Archive for November, 2011

Wednesdays Brush After Every One-Liner

Gay guy to friends: And you know what? His teeth look like chiklets! There, I've said it! It's like he fished in his pocket, grabbed a handful of chiklets, went to a cosmetic dentist and said, "make me a smile!"

–Downtown A Train

Overheard by: Gus

Cotton candy vendor: Hey, yo! Last call for a root canal…

–Yankee Stadium

Old hobo to hot younger woman: Sure would like to hold you, but you got teeth. I wouldn't know what to say. Met some beautiful women in my youth, didn't know what to say to them neither. Should've kept it simple: can I get a kiss?

–6 Train

Overheard by: Christine

Young child: Mom, where are my teeth?

–Lafayette St


Tonight, on a Very Special Wednesday One-Liners

Astute girl to female friend: Honestly, I should have realized we didn't stand a chance when he said that Law & Order: CI was better than SVU.

–Greenwich Ave & W10th

Overheard by: alixthamilton

Pissed drunk guy with crew cut, after exiting restaurant: Fuck! I missed Nancy Grace! Jeezus-Christmas!

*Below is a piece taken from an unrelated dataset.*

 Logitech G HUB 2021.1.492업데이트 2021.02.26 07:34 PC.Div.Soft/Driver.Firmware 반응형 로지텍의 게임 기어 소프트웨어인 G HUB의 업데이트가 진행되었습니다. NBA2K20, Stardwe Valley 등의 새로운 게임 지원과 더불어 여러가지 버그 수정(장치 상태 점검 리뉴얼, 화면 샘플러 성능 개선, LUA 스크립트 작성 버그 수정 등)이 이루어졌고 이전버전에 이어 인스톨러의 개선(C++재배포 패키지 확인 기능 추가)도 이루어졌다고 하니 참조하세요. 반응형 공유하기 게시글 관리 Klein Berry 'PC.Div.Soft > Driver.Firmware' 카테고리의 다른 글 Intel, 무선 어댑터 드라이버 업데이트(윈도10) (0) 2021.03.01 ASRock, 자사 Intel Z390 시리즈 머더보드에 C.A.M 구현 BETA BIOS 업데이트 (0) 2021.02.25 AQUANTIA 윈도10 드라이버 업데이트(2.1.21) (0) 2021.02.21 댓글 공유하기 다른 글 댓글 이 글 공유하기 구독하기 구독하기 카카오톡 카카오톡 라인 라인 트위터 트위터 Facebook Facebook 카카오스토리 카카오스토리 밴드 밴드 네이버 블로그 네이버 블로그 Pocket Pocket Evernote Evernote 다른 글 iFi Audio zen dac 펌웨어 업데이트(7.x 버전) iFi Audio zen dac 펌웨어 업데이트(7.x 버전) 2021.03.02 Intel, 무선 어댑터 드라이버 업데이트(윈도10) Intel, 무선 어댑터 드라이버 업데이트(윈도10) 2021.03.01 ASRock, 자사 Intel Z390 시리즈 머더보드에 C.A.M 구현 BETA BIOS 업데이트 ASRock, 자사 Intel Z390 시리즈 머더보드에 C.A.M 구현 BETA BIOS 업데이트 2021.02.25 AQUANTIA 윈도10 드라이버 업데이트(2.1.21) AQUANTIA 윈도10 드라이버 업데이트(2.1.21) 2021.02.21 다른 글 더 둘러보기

–Driggs Ave & Broadway, Williamsburg

Overheard by: T. Myers

Girl in mermaid costume: Get obsessed with something normal, like Star Trek.

–N Train

NYU gay student: I am never watching Adventure Time at 4 in the morning again.

–Weinstein Hall, NYU

Overheard by: MATHEMATICAL!

Angry gangsta on cell: Man! That dude stole my fucking money! I'ma kill that fucking nigga! (pause) After I go watch True Blood at mom's. (pause) Yeah, you can come…

–Port Authority

Overheard by: E.Major


Dude, Just Roll With It

Drunk girl trying to flirt with a stranger: Oh my god! No way I have actually met people, that's so funny!
Stranger: Wait… What?

–L Train


Nicole Richie? Really?

BMCC student #1: I can't believe she played that card, what a self-hating Puerto Rican.
BMCC student #2: Sounds like it!

–Chambers St & Greenwich St

Overheard by: A.J.


Maybe They Want to Put Their Money Where Their Mouth Is?

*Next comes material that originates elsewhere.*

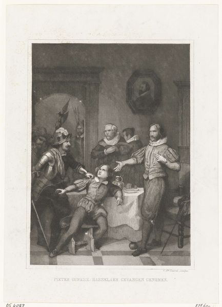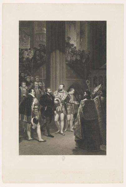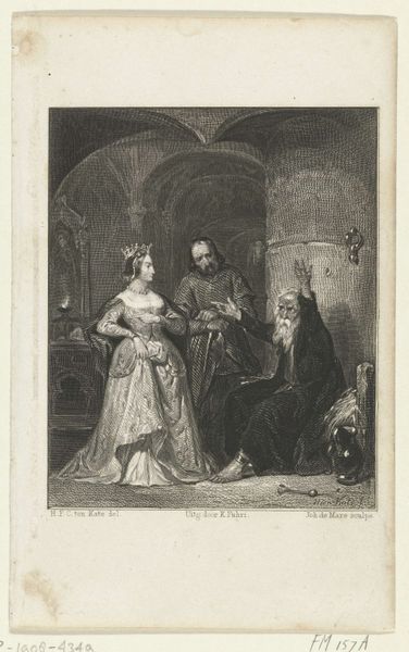 Franciscus Bernardus Waanders created "The Governor of Zeeland and Saphira" around 1874 using an engraving technique. Waanders created this scene during a period of intense nationalism and historicism in the Netherlands. The artwork depicts a powerful man, presumably the governor, flanked by advisors, while a woman kneels before him, begging. Waanders invites us to consider the dynamics of power, gender, and morality within a 15th-century context. The governor’s stern expression and the supplicant’s posture suggest an uneven exchange shaped by gender and social status. The image creates a space to examine the historical treatment of women and the complex negotiations of power. By highlighting this emotional scene, Waanders encourages a reflection on the universal themes of justice, mercy, and the individual's struggle against authority, inviting contemporary audiences to reflect on power dynamics in their own lives.

Mixed race girl: I just love 50 cent, I mean, check out that body. He is so hot!
Caucasian girl: His body is nice, but I can't stand those grillz. Why do those people wear grillz anyways?
(mixed race girl raises an eyebrow at Caucasian girl)
Caucasian girl
: I meant rappers! I'm not racist!


–40th & 8th

Overheard by: Let me see your grillz


It's a Good Place to Be High

Guy walking on the high line: It's like… organized messiness…
Woman: Yes. That's why I like it.

–The High Line


“They” Must Be the Ministry Of Truth

Kid #1, about Oregon Trail game: Do you believe in dysentery?
Kid #2: Naw, I bet they made it up for the game, just like the wagons!